Jordan Lake and Nick Thorne have a problem–they’ve been carrying on a weekly affair for some time now, but their fathers are bitter enemies, thanks to sheer stubbornness, and a tragedy in the distant past. They have to sit in court and stare malevolently at each other while their fathers battle out this latest lawsuit, but that’s not really what they’d like to be doing…

Jordan, a somewhat-spoiled socialite, has a hidden side, which Nick finds out about, and discovers a heart of gold in the tabloid princess. He’s the manager of his father’s business, and keeps pushing the old man to retire, and is used to being in control of his life. When they started their affair, they thought they had things simple and compartmentalized, but reality, as She always does, kind of gets in the way, when Jordan’s mother finds out what’s been going on every Friday–and she knows something about Nick that even he doesn’t know.

Friday Night Mistress is set in Wellington, New Zealand, with a brief foray onto the South Island.

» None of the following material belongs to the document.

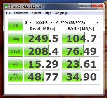A gepedet csak most neztem meg es latom nForce chipes az alaplapod, szoval ne varj jobb sebesseget. Intel chipset a legjobb, utana meg az AMD SSD-k ala, nForce-szal nem is lattam meg SSD tesztet.

Truthfully, this story could be set just about anywhere that has a decent population, with the foray being four hours’ travel away; Wellington being–to a US reader like me–somewhat of an exotic place, I’d like to have seen a bit more descriptive text, or make Wellington’s notorious winds play a role at some point! Otherwise this book did a nice job painting a picture of the place and participants–unobtrusive, yet complete enough to be believable.

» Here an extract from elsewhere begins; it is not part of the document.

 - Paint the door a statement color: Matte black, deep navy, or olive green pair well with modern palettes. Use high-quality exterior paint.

One uncommon facet of this tale is that Nick is a bit less “in-control” than many romance heroes; he’s got a major frustration in his life from the outset, in that his father continues to badger Jordan’s in court, and won’t retire to let him fully take the reins of the family business. He’s also very concerned–and rightly so–about what his father would think if he found about about his affair.  His playboy, globe-trotting brother is no help. He encourages Nick to get into an affair with Jordan as a mechanism for healing the rift between their families–not knowing that they’re already in one! Our heroine, Jordan, is entirely believable; she’s an only daughter, and just a little spoiled, but the things she does with her time and money mean a lot to her.

As is common with the It’s Just An Affair trope, the couple struggles somewhat when they start to realize that they mean more to each other than they can handle with just an affair, and the resulting series of misunderstandings is almost comic, since there are external actors at play that neither of them are aware of.

The intimate scenes are well-crafted for this series–explicit without being raunchy, and totally in-character. The development of Jordan and Nick’s relationship is logical and straightforward, and thus should be totally believable to the reader.

Overall, Friday Night Mistress is a satisfying read. It is not the finest I’ve ever read, but it’s a good tale, well told and very engaging.